Pasaron una, dos, tres y otras cuatro semanas más, y entonces
empecé a encontrarme mal. Tenía fiebre y un malestar que no me dejaba nadar
como a mí me apetecía. Tumbada en el lodo del fondo del río, me fijé que de mi
cola salían unas cosas extrañas. Cuando se lo dije a doña Sá me dijo que me
estaban saliendo unas patas y que pronto dejaría las profundidades del arroyo
para subir a la superficie, donde ellos siempre estaban. Me puse muy histérica
e incluso le grité, poniendo en duda que eso no me pasaría a mí.
−Espera cinco semanas más y el aspecto que tienes ahora será
historia − me dijo don Rano con voz seria. Casi llorando le dije que quería ser
como el niño del cuento que me había
leído, −no crecer nunca jamás−.
Me sumergí en el agua y no volví a salir hasta aquel día que
creí morirme. Me ahogaba entre las raíces hundidas de los helechos y casi sin
saber cómo, asomé mi cabeza fuera del charco. Ahora tenía unas patas enormes,
mi cola había desaparecido, mi boca era más grande, tenía una piel verdosa con
manchas oscuras, y de repente me encontré saltando hacia una piedra y después
hacia una hoja. De mi garganta salió un ruido parecido al que solían hacer doña
Sá y don Rano. Estaba fastidiosamente sorprendida, mirando mi nuevo cuerpo,
aprendiendo a respirar el aire fresco de esa nueva zona seca. Cuando menos me
lo esperaba mi boca se abrió y desenrolló una “cosa” larga, babosa y resbaladiza. Era la misma lengua que tenían
mis padres. De repente, mis ojos se fijaron en un diminuto bichito que volaba a mi lado y sin saber cómo, la punta de esa
lengua pegajosa lo atrapó en cuestión de segundos y como un muelle retrocedió
de nuevo hacia mi paladar− tuve que reconocer que el sabor era más rico que el
plancton que encontraba entre los tallos profundos del torrente.
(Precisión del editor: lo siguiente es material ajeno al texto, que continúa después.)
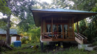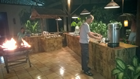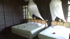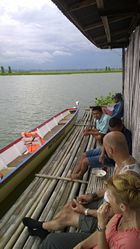 Ook nu ca. 30 minuten varen en kwamen we bij ons resort aan. We konden nog net met droge voeten aan wal komen, het water was al weer wat gestegen. Na het bekende welkomst drankje en de briefing over de huisregels door Emmy werden we naar ons hutje gebracht. Het doet sterk aan Fiji denken, het paadje met veel planten en bomen en het uitzicht. Het is duidelijk een minder resort dan Thalassa. Het uitzicht en accomodatie in de grote ruimte waar we eten is fenominaal, zo direct aan het water, maar de hut is duidelijk minder. Geen airco maar alleen een fan is tot daar aan toe, maar de toiletruimte is groot maar minimaal ingericht: een toilet waar de watercloset het niet doet, een douche met alleen koud water en een wastafel in de anderen hoek waar het water over de vloer wegstroomt naar het putje bij de douche. Ook is het nu niet bepaald brandschoon. Het minste wat we tot nu toe hebben gehad. Ben benieuwd of we kunnen slapen straks met alleen een fan. Het eten is prima en Terry de eigenaar had een fles wijn waar we ook nog een slok mee mochten drinken. Diana zijn vrouw viel aan tafel in slaap, en dat na slechts 2 slokken wijn. Maar ook Ingrid had moeite om haar ogen open te houden op een bepaald moment :-)
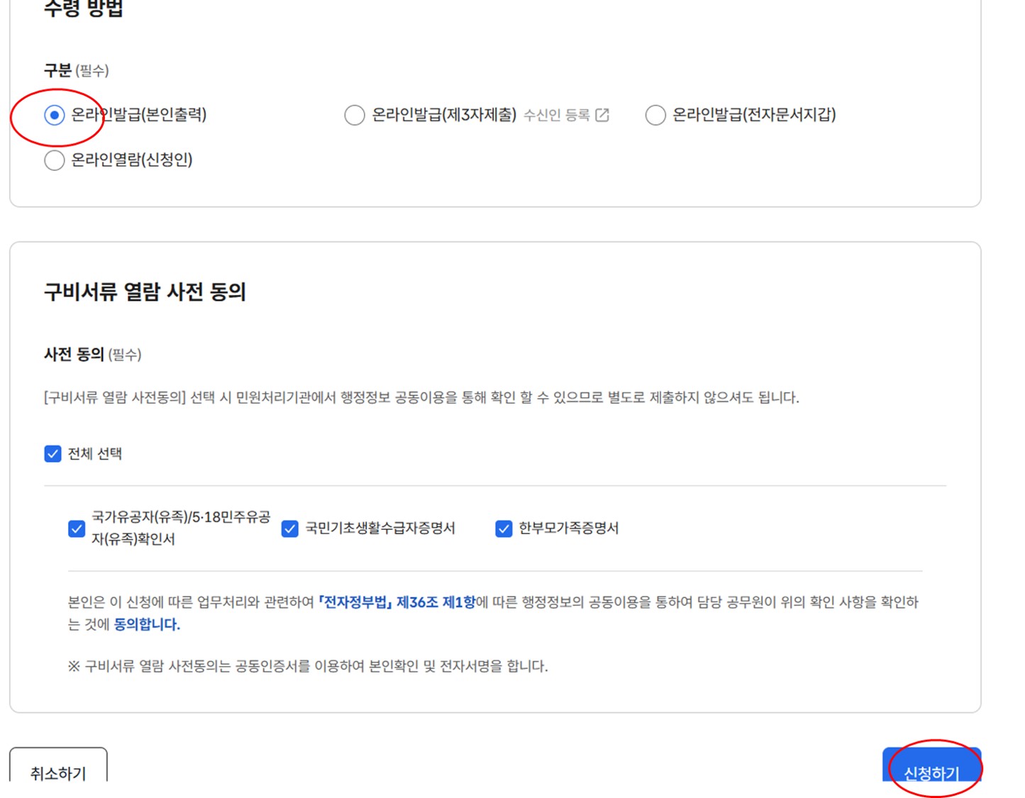 수령방법은 온라인발급 (본인출력)으로 하셔야 프린트로 출력가능합니다

En una orilla del Cúa, mis padres me observaban asintiendo
con sus cabezas, croando y riéndose de todas mis reacciones. –¡Ya te lo
dijimos, que te ibas a convertir en un anfibio, eres ahora una RANA! −.
Tenían razón, había dejado de ser RenaCuaJo para convertirme en
Rana-Cúa-Jo y por mucho que intenté que eso no sucediera… Sucedió.